Whatever that system looks like, increasing (or at the very least, maintaining) funding is vital for cities to continue to deliver the public services they do now. The direction of travel set by the Government in the recent Spending Review means there are limited choices when it comes to achieving this, especially over the next five years. Grants are out (or at very least significantly reduced and unlikely to increase) and the devolution of business rates from 2019-20 signals that cities will be expected to generate more revenue themselves to offset these grant cuts.
Our latest report, Beyond business rates, explores the implications of a more devolved funding system for local government in the UK. It argues that the Government should go further in order to encourage places to boost economic growth, and create a sustainable funding base for local government in the future.

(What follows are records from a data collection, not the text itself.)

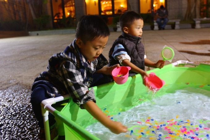 買完米粉後往煙波大飯店,下午倆兄弟就在飯店玩兒童遊樂設施,玩積木小火車、球球池、溜滑梯。16點半至戶外玩氣墊式溜滑梯”飛天滑梯”。17點半再去餐廳用餐。餐畢再玩一次兒童遊樂設施,這次又多加了趣味撈金魚,只是金魚變成塑膠金魚,考驗記憶力的九宮格兌兌樂,小茶壺很厲害,都記得起來。回房間,把浴缸水放滿,倆兄弟在裡面玩的不亦樂乎。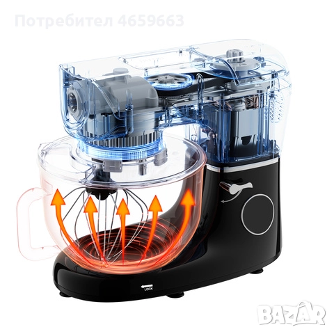 три приставки (кука, миксер, разбивачка), богат набор от аксесоари (шпатула, сепаратор за яйца, торбички за сладкарски изделия) и купа с обем 5,5 л ви подготвят за всяко кулинарно предизвикателство – от пандишпан до прясна паста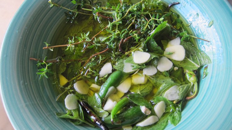 - 10 hot finger peppers (finely chopped)
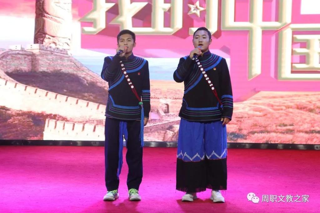 周口职业技术学院文化教育学院学生曲比伟日、金曲惹献唱彝族歌曲《祖国之子》。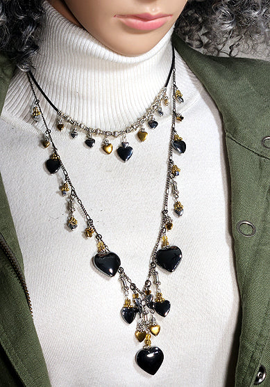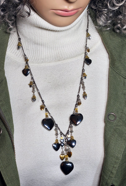 Talk about wearing your heart on a sleeve, We combined 25mm hearts with 12mm, 8mm and 6mm hearts on a gunmetal chain to give this necklace a vintage look.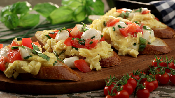 When the eggs are nearly set, fold in chopped ripe tomato, soft fresh mozzarella and plenty of basil. Don't overcook the eggs; rather, leave them soft-set for a luxurious texture. Serve with toasted French baguette slices and a side of fresh berries drizzled with a little balsamic glaze.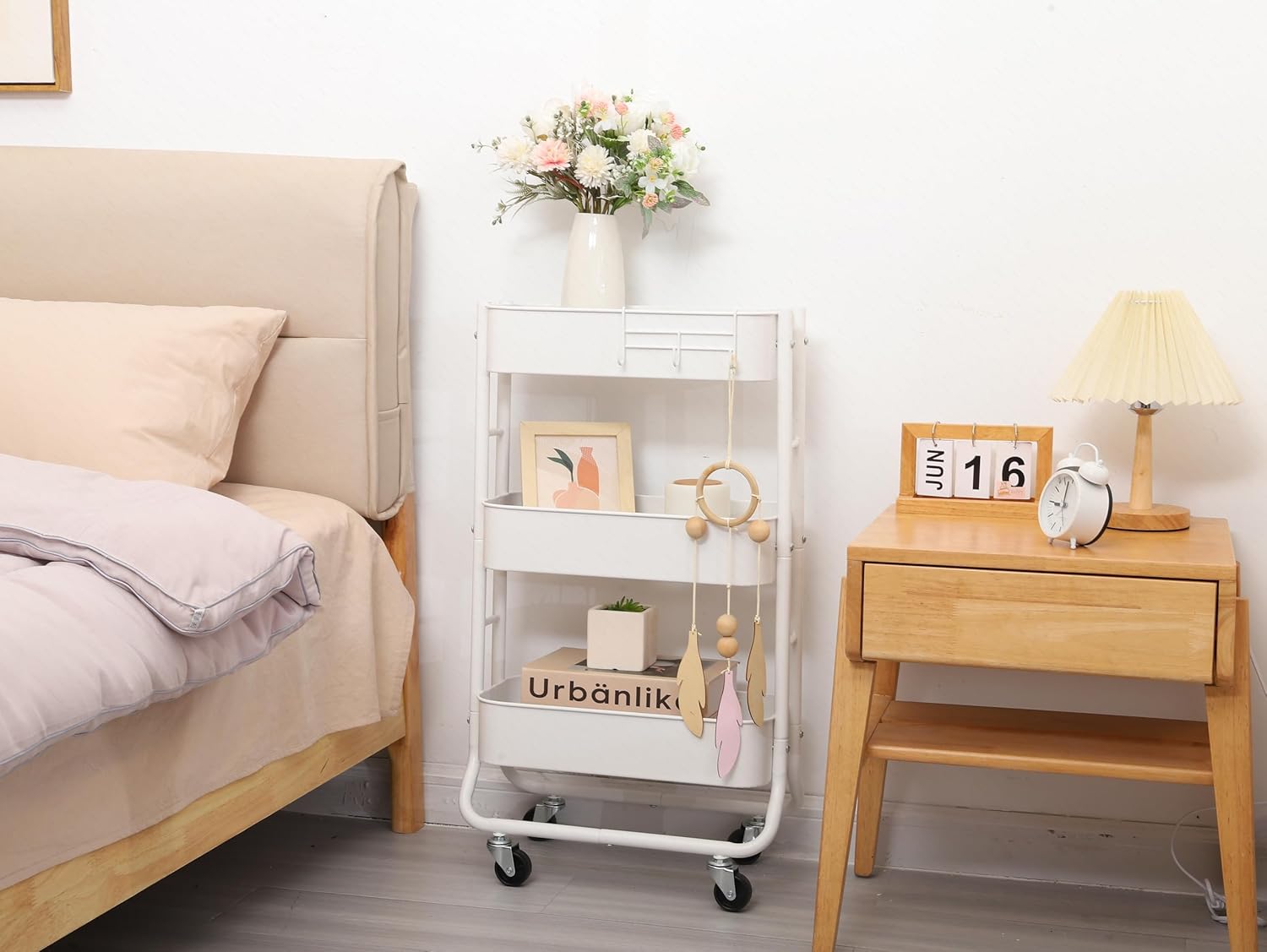 MAX Houser Slim 3-Tier Rolling Utility Cart, Narrow Metal Bathroom Storage Multifunctional Organizer Carts with Wheels with Extra Hook, Laundry Room,Kitchen,Small Space(White)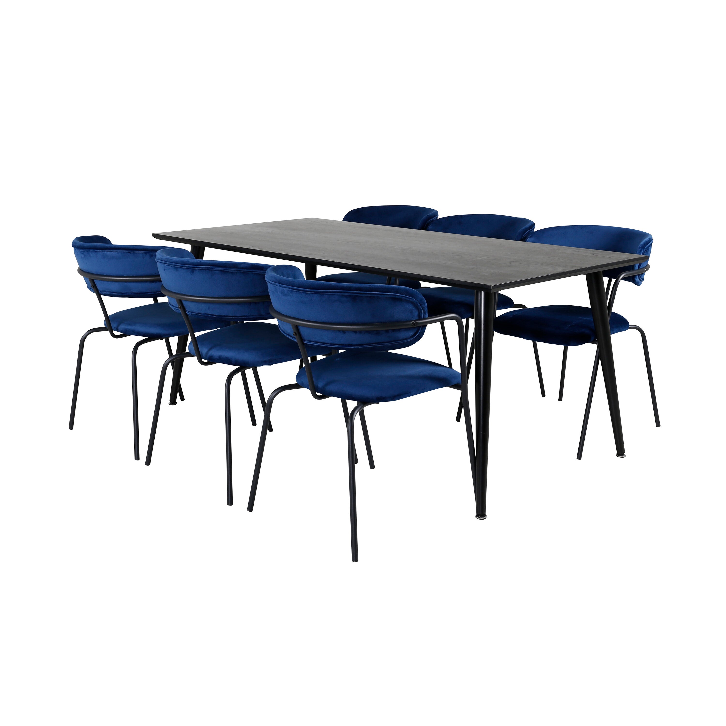 Jídelní stůl Dipp - 180*90cm - Černá dýha / celé černé nohy - Křeslo Arrow - Černé nohy - Blue Velvet 6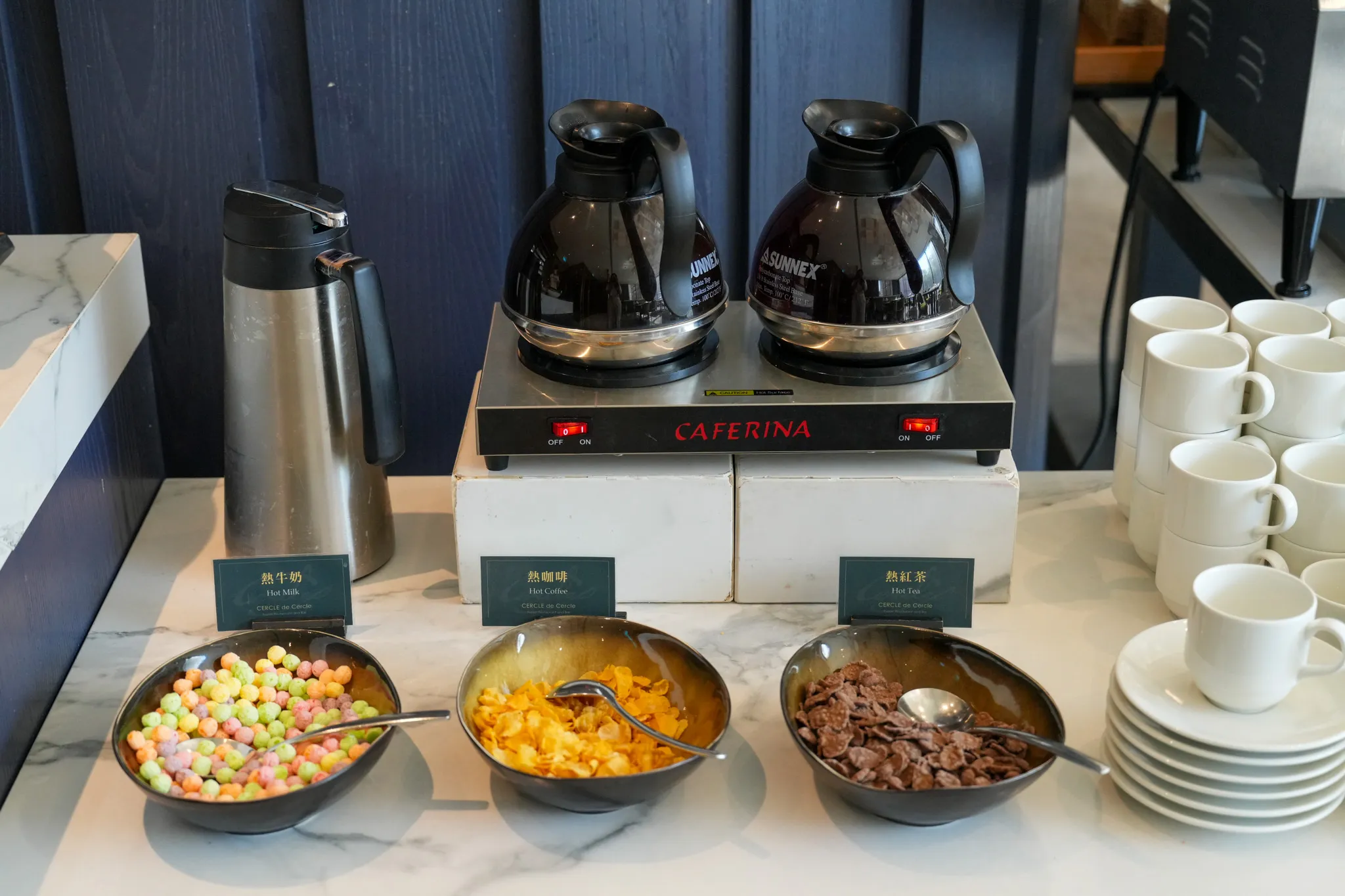 ▼簡單的麥片、熱牛奶、熱紅茶等也有提供,不過就只有三種麥片可以選,種類較少。
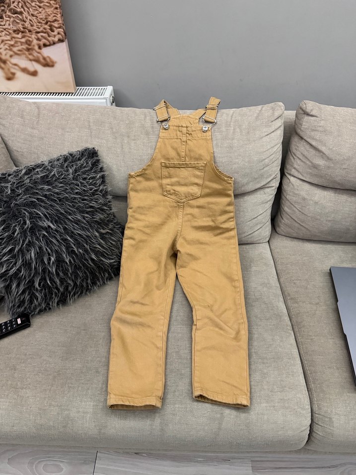 Kahverengi kot kumaştan, askılı, ön cepli, tokalı bantlı bol kesim erkek çocuk tulumu.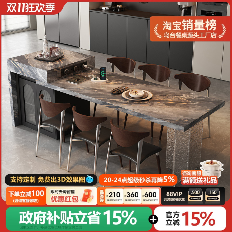可定制意式轻奢岛台餐桌一体家用可伸缩岩板开放式厨房高级感导台

In particular, we have called for the Government to devolve control over land and property tax revenue (worth £57bn in 2014/15) alongside the business rate to local leaders, together with the responsibility for running and funding local housing benefit. Doing so would give local authorities responsibility and control for 41 per cent of their spending (based on 2014/15 figures), compared to just 19 per cent in the current system of funding – enabling local leaders to take spending decisions which better meet the needs of their economies.
The report also argues that places should also be able to retain a significant proportion of these revenues locally. This would create strong incentives for cities to invest in the things that can make a difference to their local economy, such as housing, skills and infrastructure. This would in turn generate more revenue for them to reinvest and more revenue for the overall local government funding pot to be redistributed to places with weaker economies. Under our proposed system, greater levels of local revenue retention would also mean larger sums to be redistributed to other places.
In the years ahead, cities and local government more generally will have to adapt to a significantly different funding environment, one that is much more dependent on locally generated growth-based revenues and much less reliant on central government needs-based grants. In this context, it is vital that fears of a public services ‘postcode lottery’ should not prevent places from accessing the growth tools and incentives they need to respond to the pressures that they face.